> Items from a dataset
-*-

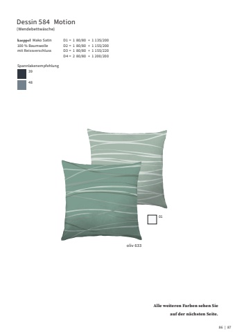 Dessin 584 Motion(Wendebettw%u00e4sche)kaeppel Mako Satin100 % Baumwolle mit ReissverschlussD1 = 1 80/80 + 1 135/200D2 = 1 80/80 + 1 155/200D3 = 1 80/80 + 1 155/220D4 = 2 80/80 + 1 200/200Spannlakenempfehlung3948oliv 63301Alle weiteren Farben sehen Sie auf der n%u00e4chsten Seite.86 | 87
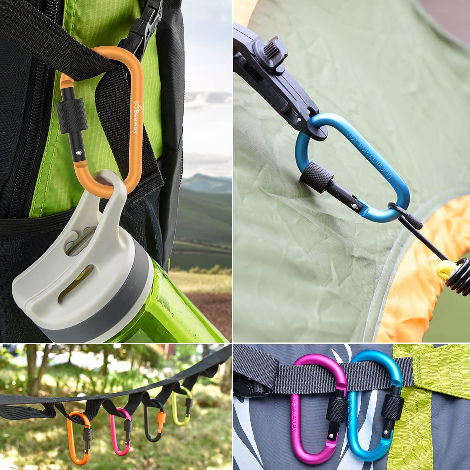 Compact, lightweight, and tough β the BeeWay Locking Carabiner Set gives you a reliable way to clip, hang, or secure your essentials outdoors or on the go. Perfect for keys, bottles, or camping gear. Not for climbing.
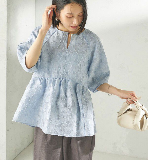 【シップス/SHIPS】 〈手洗い可能〉ジャカード ペプラム ブラウス
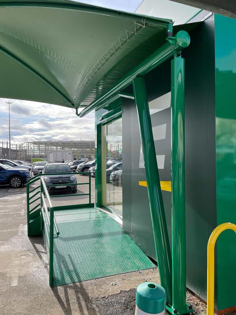- Tanto la cubierta como los pilares de esta marquesina han sido realizados en color verde a petición del cliente, combinando así con los colores corporativos de la empresa.
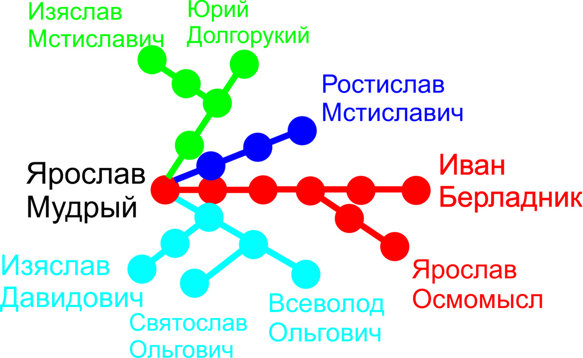 Проживал персонаж во времена неспокойные и в местах таких же. Так ещё род его изгойский. Как начал дедушка скитаться, да в приживальщиках ходить, так и пошло поехало. Придётся немного про происхождение написать. Рюрикович, естественно. Ярослав Мудрый ему приходится дедом с тремя пра. Небезызвестный Ярослав Осмомысл (Что означает аж восемь мыслей в голове) двоюродным братом. Ну, и из "близких" к нам Юрий Долгорукий приходится герою седьмой водой на киселе. Что-то типа четвероюродного дедушки. К середине двенадцатого века потомки Рюрика расплодились необычайно. Составлю-ка пояснительную картинку с родственниками, которые здесь упоминаются.
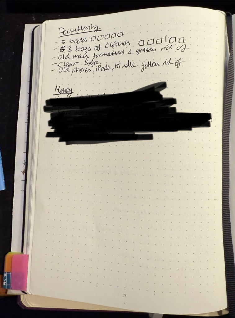 37. My journal is at that delicious phase where it’s passed the 3/4 full mark but hasn’t reached the “only a handful of pages left” mark. I recommend making it a goal to reach that phase in every notebook you use – it’s the best.
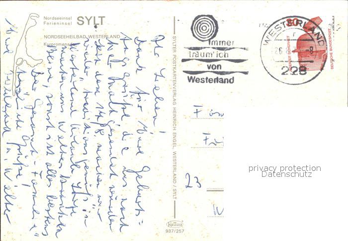72289816 alte Postkarte SYLT Insel Schleswig-Holstein Kurpromenade postalisch gelaufen Erhaltung siehe scans KatCode: 11110001054133
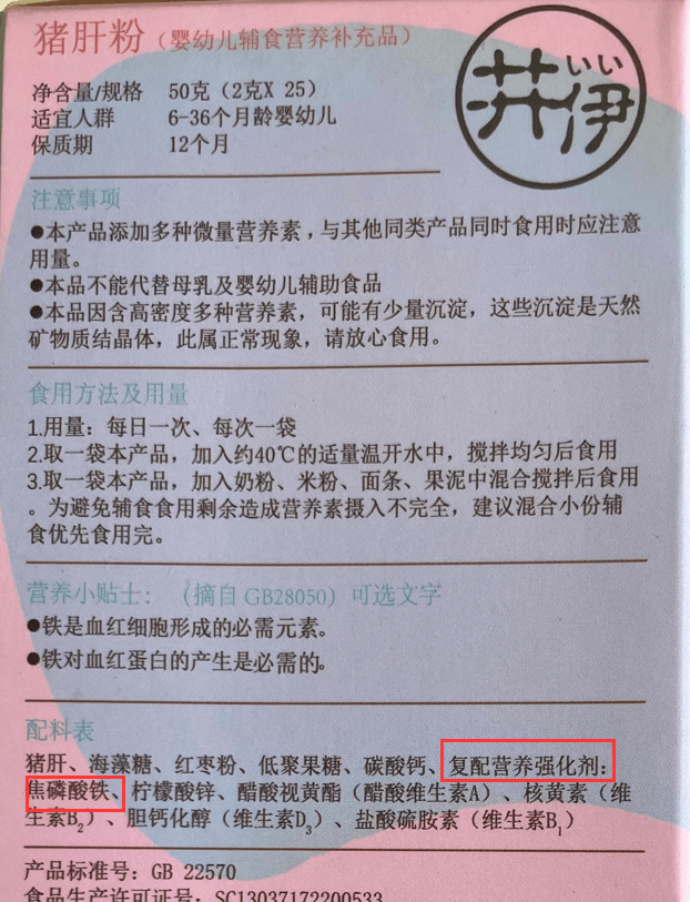 细节隐藏在配料表中,铁含量最高的“井伊婴标猪肝粉“,标注铁含量是325mg/100g,但它的配料表中,同时添加了“复合营养强化剂(铁、锌、维A、维B2、维D3、维B1)“,也就是说,这款猪肝粉中的铁,并不仅仅是猪肝本身的铁含量,而是很大部分来自于额外添加的铁剂,也就是三价铁,非血红素铁。

-*-

> ASSIGNMENT
Please repeat every record above exactly, leaving the pictures out.

> COMPLETED TASK
 Dessin 584 Motion(Wendebettw%u00e4sche)kaeppel Mako Satin100 % Baumwolle mit ReissverschlussD1 = 1 80/80 + 1 135/200D2 = 1 80/80 + 1 155/200D3 = 1 80/80 + 1 155/220D4 = 2 80/80 + 1 200/200Spannlakenempfehlung3948oliv 63301Alle weiteren Farben sehen Sie auf der n%u00e4chsten Seite.86 | 87
 Compact, lightweight, and tough β the BeeWay Locking Carabiner Set gives you a reliable way to clip, hang, or secure your essentials outdoors or on the go. Perfect for keys, bottles, or camping gear. Not for climbing.
 【シップス/SHIPS】 〈手洗い可能〉ジャカード ペプラム ブラウス
- Tanto la cubierta como los pilares de esta marquesina han sido realizados en color verde a petición del cliente, combinando así con los colores corporativos de la empresa.
 Проживал персонаж во времена неспокойные и в местах таких же. Так ещё род его изгойский. Как начал дедушка скитаться, да в приживальщиках ходить, так и пошло поехало. Придётся немного про происхождение написать. Рюрикович, естественно. Ярослав Мудрый ему приходится дедом с тремя пра. Небезызвестный Ярослав Осмомысл (Что означает аж восемь мыслей в голове) двоюродным братом. Ну, и из "близких" к нам Юрий Долгорукий приходится герою седьмой водой на киселе. Что-то типа четвероюродного дедушки. К середине двенадцатого века потомки Рюрика расплодились необычайно. Составлю-ка пояснительную картинку с родственниками, которые здесь упоминаются.
 37. My journal is at that delicious phase where it’s passed the 3/4 full mark but hasn’t reached the “only a handful of pages left” mark. I recommend making it a goal to reach that phase in every notebook you use – it’s the best.
72289816 alte Postkarte SYLT Insel Schleswig-Holstein Kurpromenade postalisch gelaufen Erhaltung siehe scans KatCode: 11110001054133
 细节隐藏在配料表中,铁含量最高的“井伊婴标猪肝粉“,标注铁含量是325mg/100g,但它的配料表中,同时添加了“复合营养强化剂(铁、锌、维A、维B2、维D3、维B1)“,也就是说,这款猪肝粉中的铁,并不仅仅是猪肝本身的铁含量,而是很大部分来自于额外添加的铁剂,也就是三价铁,非血红素铁。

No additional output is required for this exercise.